Tested at 0.25%, the Hydrolyzed Rice Protein Extract significantly increases the synthesis of procollagen I by 17% in normal reconstructed skin as well as the synthesis of procollagen I by 37% in deficient reconstructed skin.

The active ingredient also significantly increases the synthesis of fibrillin-1 by 28% in normal reconstructed skin and returns it to normal (+150%) in deficient reconstructed skin.

Last, it significantly boosts the synthesis of collagen VII by 14% in normal reconstructed skin and maintains the synthesis of collagen VII at 80% of normal in deficient reconstructed skin (Figure 6).

Figure 6. Effect of the Hydrolyzed Rice Protein Extract on the synthesis of collagen VII by deficient reconstructed skin.

All these results show that the Hydrolyzed Rice Protein Extract re-establishes the expression of markers of the extracellular matrix and the dermal-epidermal junction and also enables the reconstruction of mature epidermis.

For its Vaccinium Macrocarpon Fruit Extract, the company has identified an overall anti-aging potential in the cranberry co-product resulting from its high protein content. A technological process was then developed to extract and purify these biopeptides. The powerful anti-aging efficacy of this active ingredient results from the molecular diversity of cranberry biopeptides.

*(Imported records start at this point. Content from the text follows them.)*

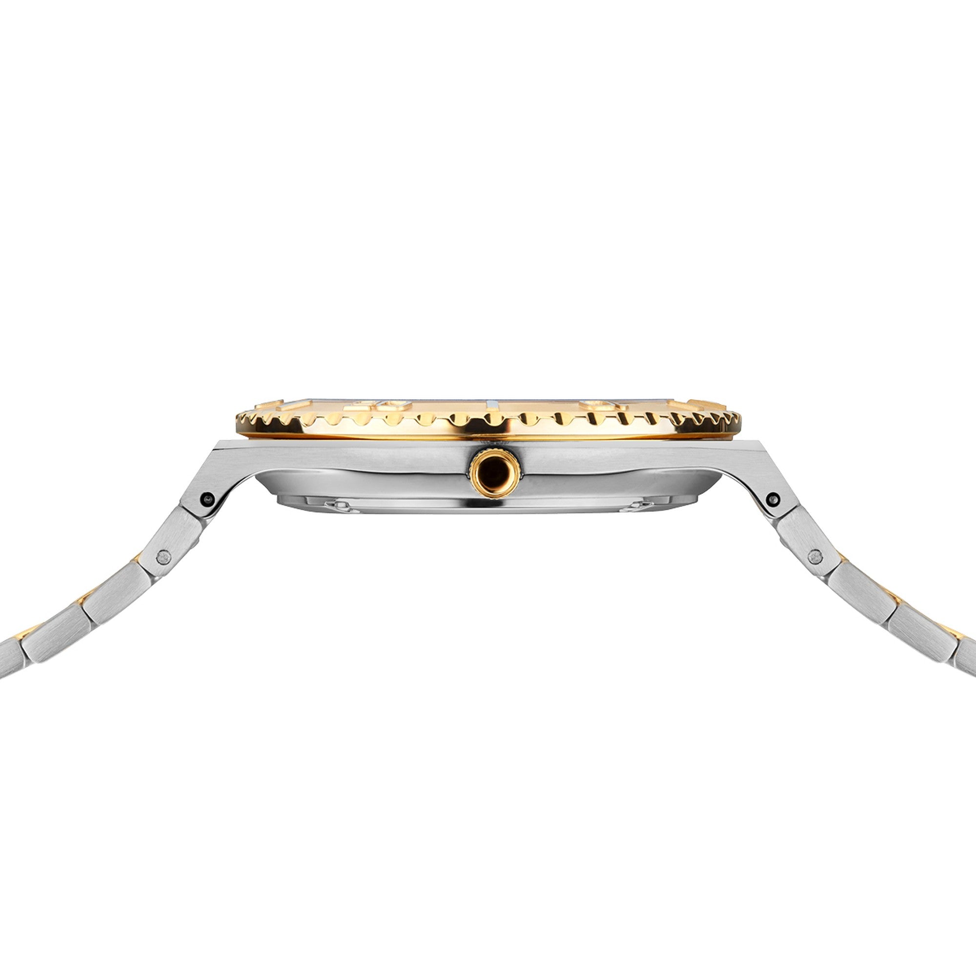 | Armband: | Edelstahlband bicolor, Breite: ca. 1,8 cm Länge d.Uhr: 20,5 cm, Faltschließe |
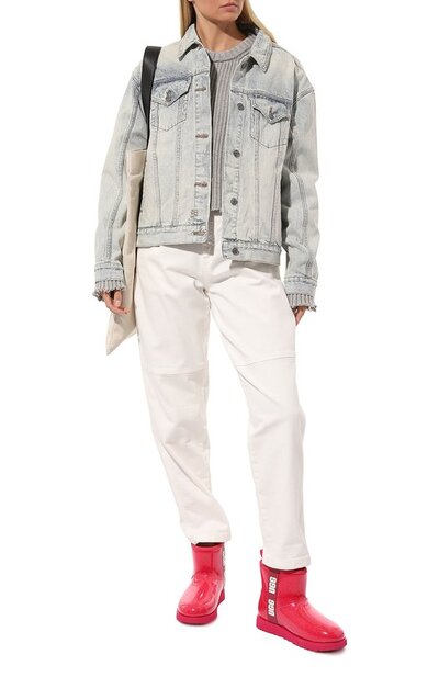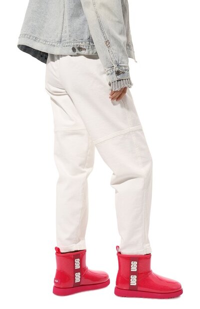 Ярко-розовые полусапоги Classic Clear Mini – идеальный вариант для капризного межсезонья и холодной погоды (в этой обуви будет комфортно при температуре до -20 градусов). За универсальность модели отвечает материал: ее выполнили из фирменной искусственной овчины UGGpure, отлично сохраняющей тепло, которую заключили в прозрачную оболочку из водонепроницаемого полиуретана. Легкая протекторная подошва поможет меньше скользить на мокрой и обледенелой дороге.
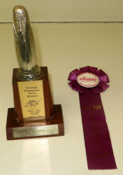 Trophy is about 10" tall, ribbon is 12", both have normal wear, 2x the money
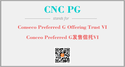 上述内容是“Conseco Preferred G Offering Trust VI”作为“CNC PG”的缩写,解释为“Conceo Preferred G发售信托VI”时的信息,以及英文缩略词CNC PG所代表的英文单词,其对应的中文拼音、详细解释以及在英文中的流行度和相关分类、应用领域及应用示例等。
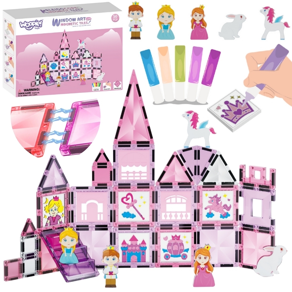 WOOPIE magnetinių kaladėlių Princesės pilies rinkinys 50 vnt.
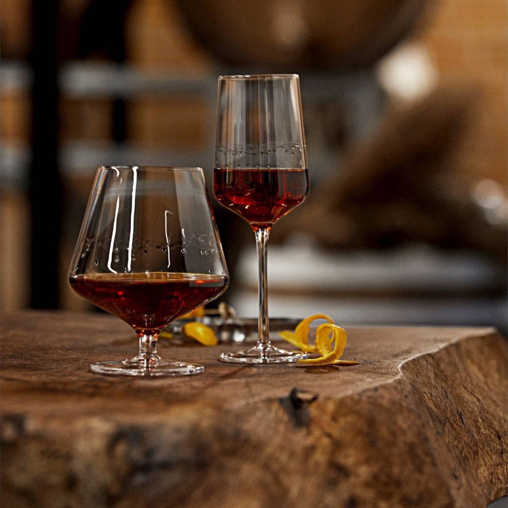 - de vorm van het glas bevordert een zachte opwarming van de drank in de handpalm, waardoor alle geur- en smaakcomponenten vrijkomen
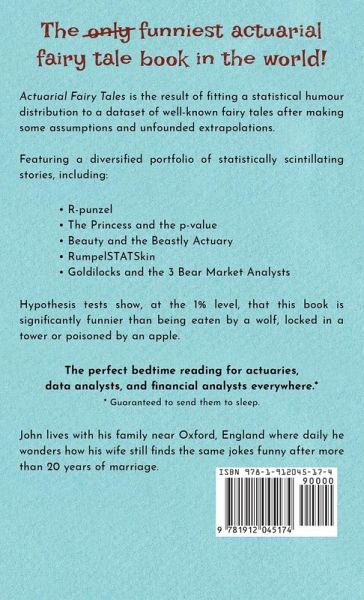 The only, I mean, funniest actuarial fairy tale book in the world! Actuarial Fairy Tales is the result of fitting a statistical humour distribution to a dataset of well-known fairy tales after making some assumptions and unfounded extrapolations. Featuring a diversified portfolio of statistically scintillating stories, including:R-punzel The Princess and the p-value Beauty and the Beastly Actuary RumpelSTATSkin Goldilocks and the 3 Bear Market Analysts Hypothesis tests show, at the 1% level, that this book is significantly funnier than being eaten by a wolf, locked in a tower or poisoned by an apple. The perfect bedtime reading for actuaries, data analysts, and financial analysts everywhere.* *Guaranteed to send them to sleep.
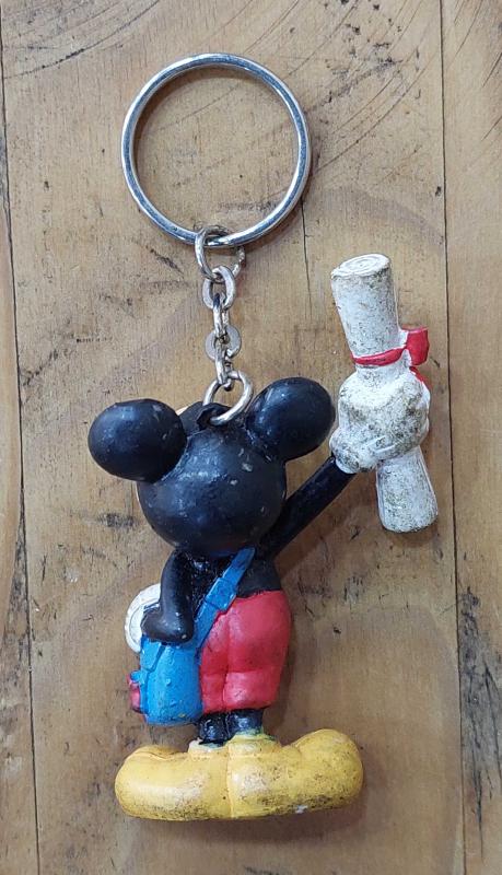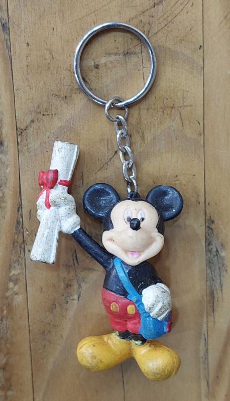 ABD, Mickey Mouse/Miki Fare (Okulda Diploma Alırken) Anahtarlık. Walt Disney Üretimi. Kullanılmış. Nadir!/Kaliteli Sert Plastik. 1980'ler.

It favors the proliferation of keratinocytes and their differentiation, thereby strengthening the barrier function and giving a healthy-glow effect. In addition, the active ingredient restores the undulated structure of the dermal-epidermal junction and boosts the synthesis of matrix components, thereby providing an anti-wrinkle action.

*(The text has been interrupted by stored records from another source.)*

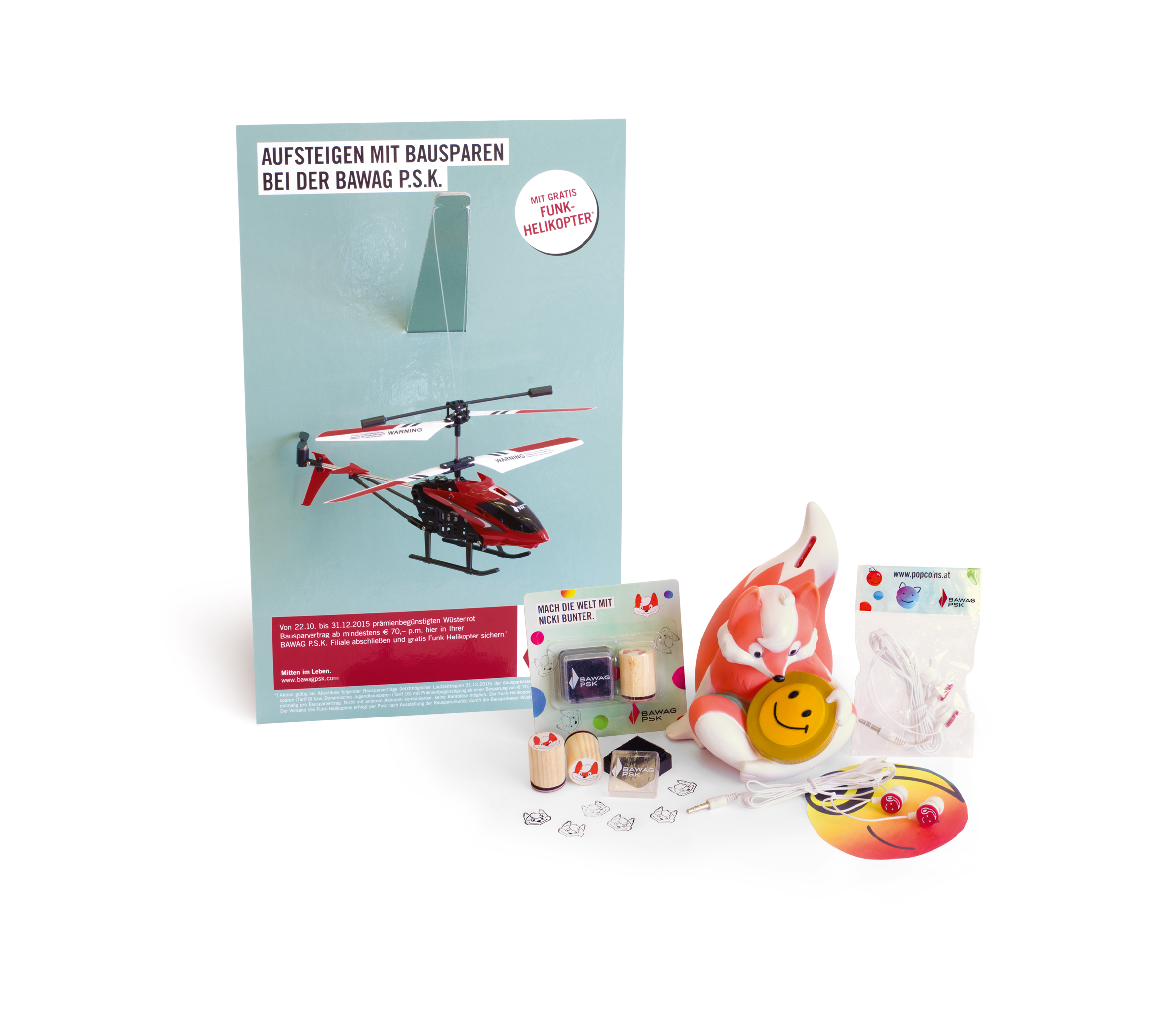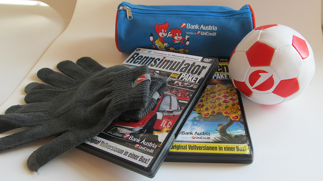 Bank Austria: PC-Spiele, ein Schüttelpennal mit Fix & Foxi-Motiv, ein Softball und Touch-Handschuhe für Smartphones und Tablets
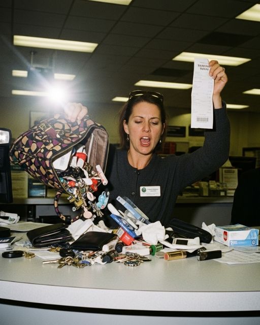 She slammed her bag down like she was defusing a bomb, then flipped it inside out—keys, lipsticks, a tampon, even a half-eaten granola bar hit the counter.
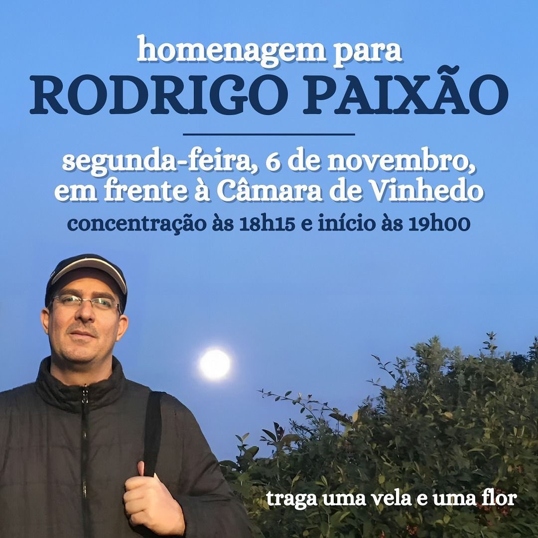 Nosso amigo Rodrigo sempre foi humilde e, mesmo sendo uma figura pública, nunca quis exposição. Para evitar o sofrimento da sua família e de seus amigos, escolheu ser velado no Cemitério de Montjuïc, em Barcelona, onde finalizou seu tratamento.Com consentimento da família do Rodrigo, os mandatos dos vereadores Nayla e Luiz estão organizando uma homenagem em agradecimento ao seu legado. Vamos nos reunir na Avenida 2 de Abril, em frente à Câmara de Vinhedo, nesta segunda-feira (06/11/23). Concentração às 18h15 e início às 19h00. Se possível, leve uma vela e uma flor.
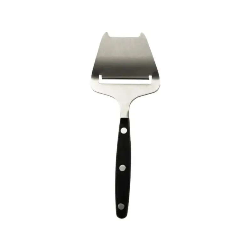 An assortment of cheese knives featuring a high-quality satin polished stainless-steel blade designed for a specific cheese type. The stylish full tang handles are constructed using a dense and durable plastic material. with stainless steel rivets.

The Hydrolyzed Rice Protein Extract is rich in rice di- and tripeptides. It revitalizes metabolic functions and improves recovery capacities after stress by supplying the skin with nutrients required for its correct operation and functioning (data not shown in this publication). It compensates for nutritional imbalances by maintaining the synthesis of dermal-epidermal junction proteins and extracellular matrix proteins, and also by enabling the formation of a mature epidermis. With this ingredient, the skin is better nourished and revitalized, and once again has its youthful appearance.